Uh, yes, precisely because the higher clock speed gives it a few extra fps. http://www.anandtech.com/bench/Product/186?vs=146 And again, note that for the most part, a better GPU will matter much more than the difference in clock speed or cores.

The OP didn't indicate anything about overclocking or not, so it's kind of pointless to discuss that without more information on the OP's plans.

Physical cores have been staying well ahead of the requirements of the majority of games for quite a while now. Except for some RTS games and GTA IV, very few games make good use more than a couple of cores. By and large, gaming developers code to the last or current generation hardware. There's no reason for any gaming company to make a game that only runs on 4+ cores until at least 50%-75% of the gamer market has a 4+ core computer. How well would a game requiring 6 cores sell? (Answer: horribly.)

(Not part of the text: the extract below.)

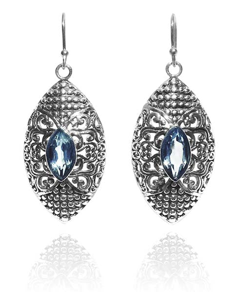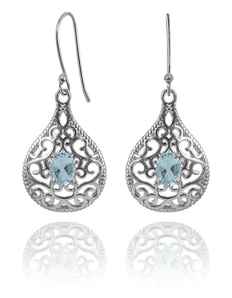 Arabesque Teardrop Earrings with Stone Blue Topaz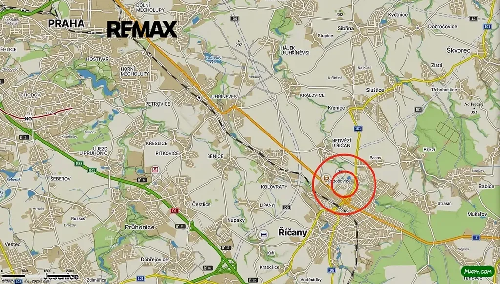 Lokalita vyniká výbornou dostupností do Prahy. Autem jste na dálnici D1 za pouhých 10 minut (6 km). Skvěle funguje i hromadná doprava – zastávka autobusu se spoji po Říčanech leží jen 100 m od domu. Autobusy na hlavní trase jezdí v krátkých intervalech (10–30 min) od časného rána až do půlnoci. Pro cestu do centra Prahy lze využít i vlak, kterým jste v Praze na hlavním nádraží za pohodlných 30 minut.

Beyond that, in traditional gaming, there isn't a great use for parallelization. Almost everything depends on the user playing the game...my understanding is that it's hard to code a lot of simultaneous commands that don't depend on input from the user. Parallelization has its use, but to date, it hasn't really been well-implemented in games.

More cores will certainly be used eventually. I just don't see it becoming a severe problem for the next few years. Maybe by the time the OP is ready to upgrade, it should be a consideration...but the question posed and the workload don't lend themselves to a hex-core.